Freddie Freeman homered, and the host Atlanta Braves used a five-run fifth inning to beat the San Diego Padres, 9-6, and complete their first three-game sweep at Turner Field this season.

One day after Minnesota dipped below Atlanta for the worst record in the majors, the Braves kept on winning behind six solid innings from Mike Foltynewicz.

The Braves scored at least seven runs for a fifth consecutive home game, the first time they had done that since Aug. 7-10, 1953, the team’s debut season in Milwaukee.

DRUG SUSPENSIONS ISSUED The Boston minor league outfielder Chad Hardy received a 60-game suspension without pay after testing positive for Tamoxifen, a performance-enhancing substance.

The free-agent pitchers Julio Lugo and Adolfi Telleria were each suspended for 72 games without pay after testing positive for stanozolol.

Chella Choi ended the first round atop the L.P.G.A. Manulife Classic leaderboard when Belen Mozo closed with a triple bogey. Choi shot a six-under-par 66 at windy Whistle Bear in Cambridge, Ontario.

Mozo was seven under before running into trouble on the par-4 18th. The wind took her drive wide right into thick rough. She hacked her way out, found two bunkers and finally putted out for a 68.

STENSON PLAYING HURT Henrik Stenson revealed that he had shot the lowest score in major championship history, a 264 to win the British Open, with a slight cartilage tear in his right knee. Stenson withdrew after one round of the Barclays last week because of pain in his right knee, and tests revealed an injury dating to the United States Open.

Frank Lampard scored his second goal of the match three minutes into stoppage time to give New York City F.C. a 3-2 victory over visiting D.C. United.

Lampard took a pass from Khiry Shelton at the top of the penalty area, faked out a defender and goalkeeper Bill Hamid with his right foot, and then slammed the ball home with his left. David Villa scored for N.Y.C.F.C. (12-8-8) and assisted on Lampard’s first goal.

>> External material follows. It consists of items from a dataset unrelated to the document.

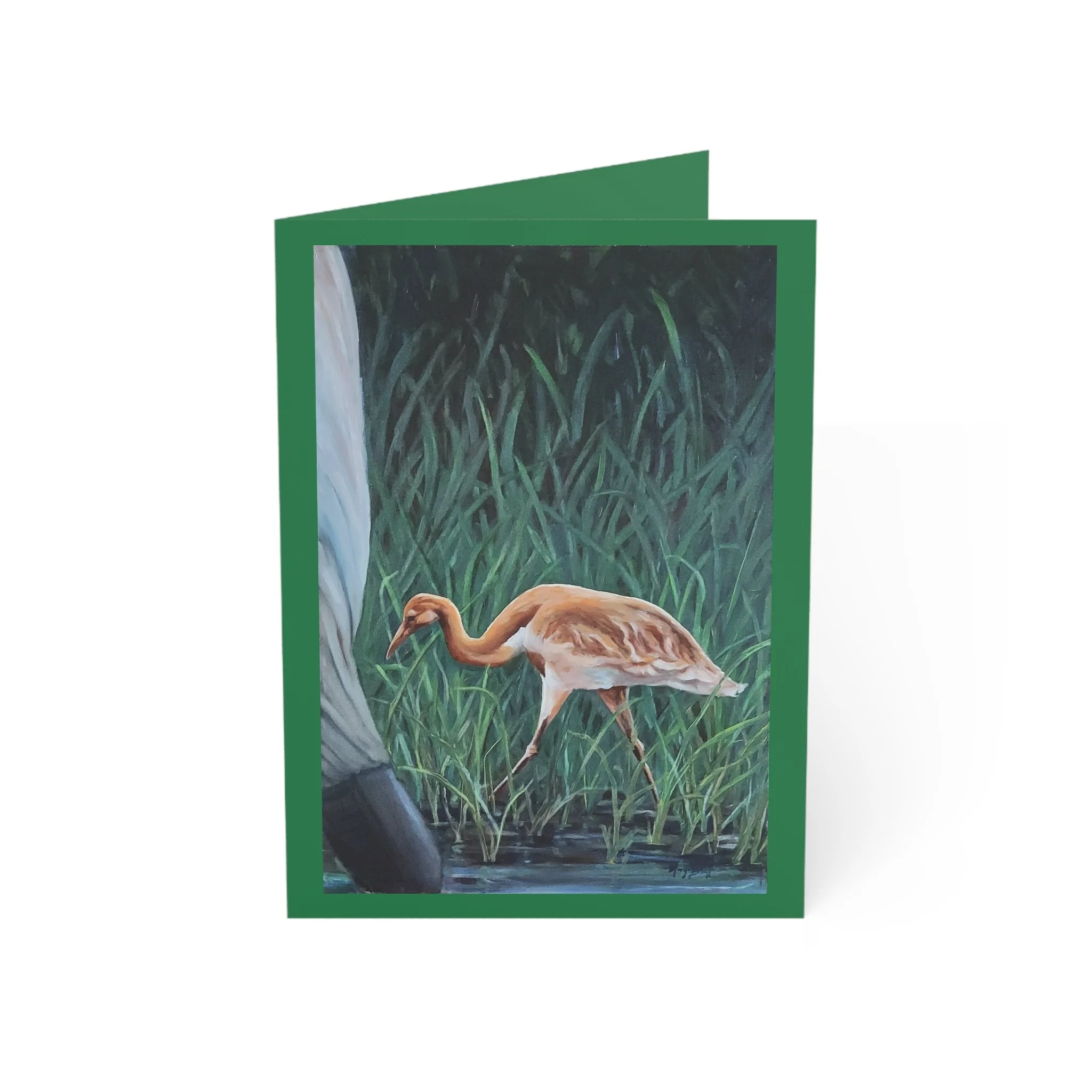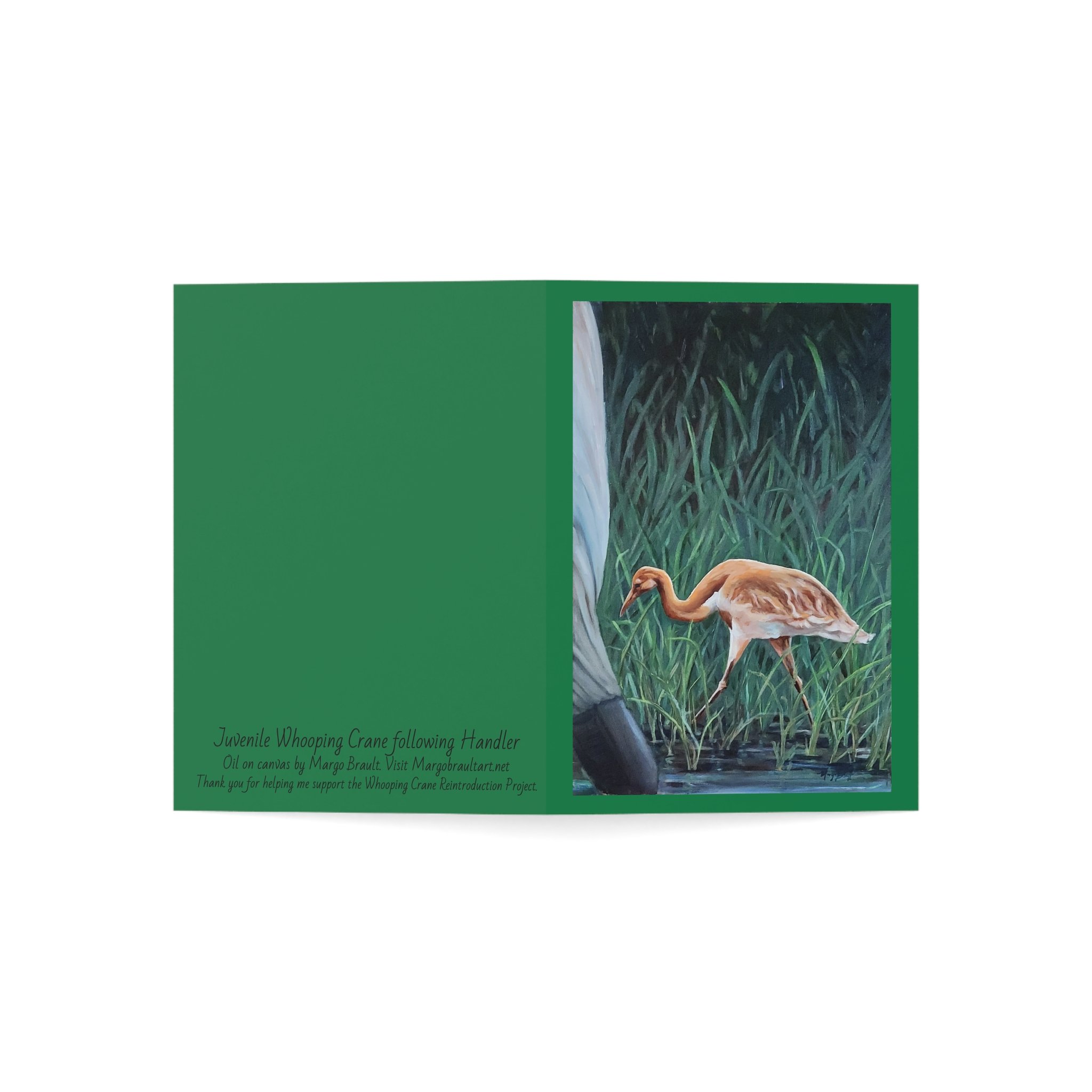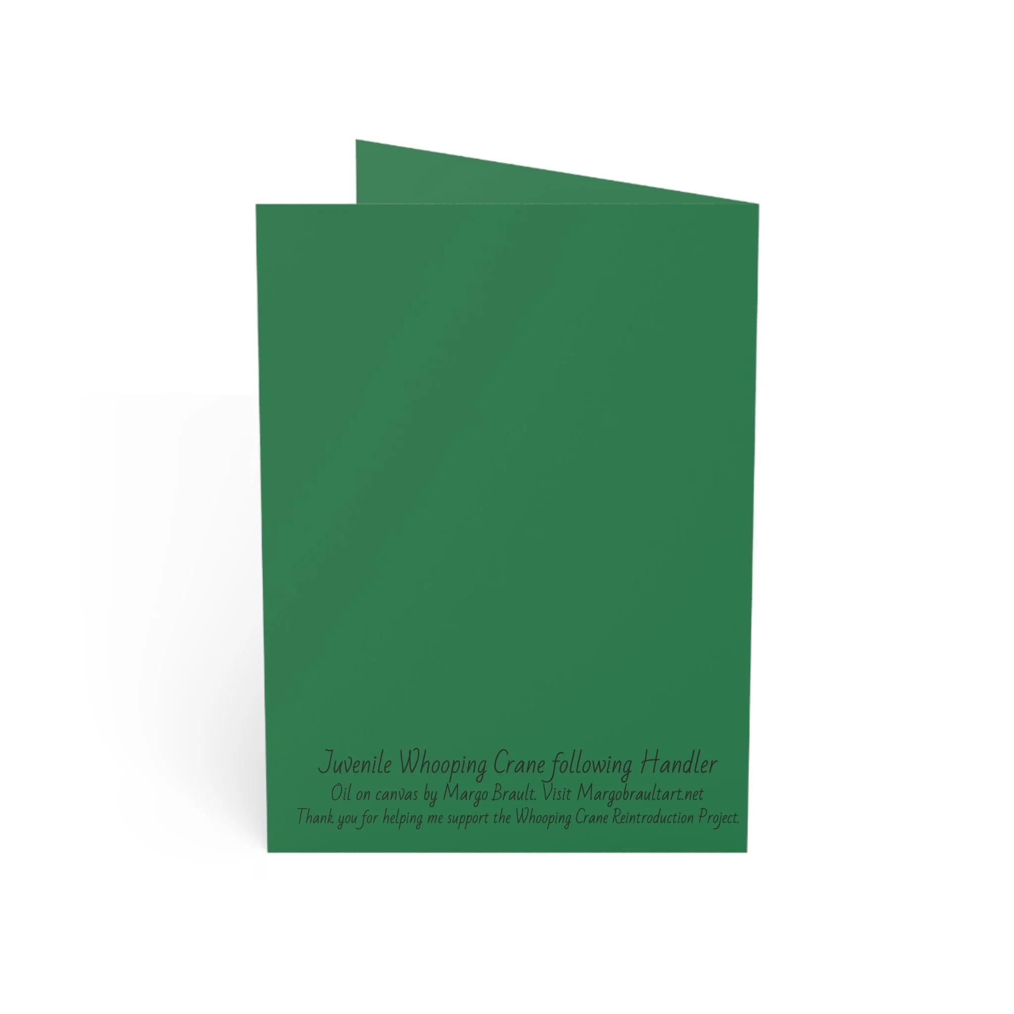 Juvenile Whooping Crane following Handler. Pack of ten cards with envelopes. Blank inside. 4.9 x 3.5"
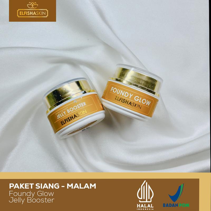 Elfisha Skin - Paket Foundy Glow & Night Jelly Booster dengan Niacinamide 2%, Glutathione, dan Hydrolized Collagen Extract untuk Mencerahkan dan Melindungi Kulit
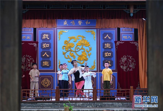 暑假期間,河北省秦皇島市北戴河“裴艷玲藝術(shù)傳承基地”——梨園小院開(kāi)設(shè)京劇培訓(xùn)班,免費(fèi)教授孩子們京劇表演藝術(shù),同時(shí)借助基地平臺(tái)為中外游客演出,鍛煉孩子們的表演技能,傳承戲曲藝術(shù)。 新華社記者 邢廣利 攝
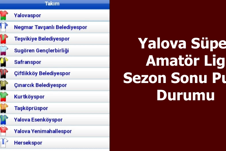 Yalova Süper Amatör Lig sona erdi. 1.Sırada 22 maçta 22 galibiyet alarak toplamış olduğu 66 puanla şampiyonluğa ulaşarak Bölgesel Amatör Lig’e yükselmeye hak kazanan Yalovaspor yer alırken, 2.sırada ise 22’de 18 yaparak 2’de beraberlikle, topladığı 56 puanla Negmar Tavşanlı Belediyespor yer aldı. 3.Sıra ise 22’de 9 galibiyet ve 4 beraberlikle 31 puana ulaşarak Teşvikiye Belediyespor yer aldı. Süper Amatör Lig sezon sonu puan durumu, tam liste halinde aşağıda belirtildiği şekildedir.

U.S. MIDFIELDER TO RETIRE Midfielder Heather O’Reilly announced her impending retirement from international soccer after a 15-year career with the United States women’s national team. O’Reilly will play her final international match on Sept. 15 against Thailand in Columbus, Ohio.

O’Reilly made her debut with the United States when she was 17. Now 31, she has 230 international appearances (seventh in national team history), 46 goals (12th) and 54 assists (sixth). She won three Olympic gold medals, as well as a World Cup title last summer.

Marissa Coleman and Shenise Johnson each hit six 3-pointers and the host Indiana Fever matched a W.N.B.A. record with 40 points in a quarter — the first — in a 98-77 victory over the Liberty. The Fever also set a franchise scoring record for a half, leading by 63-38 at the break.

Tina Charles made seven 3-pointers and had 22 points and 11 rebounds for the Liberty.

Elaine Thompson of Jamaica, the women’s 200-meter champion at the Rio Olympics, ran the world’s second-fastest time this year to edge Dafne Schippers of the Netherlands at the Weltklasse Diamond League meet in Zurich.

Thompson led only in the final five meters and finished in 21.85 seconds — seven-hundredths slower than her gold-medal-winning time. Schippers finished in 21.86, and Allyson Felix of the United States ran a season-best 22.02.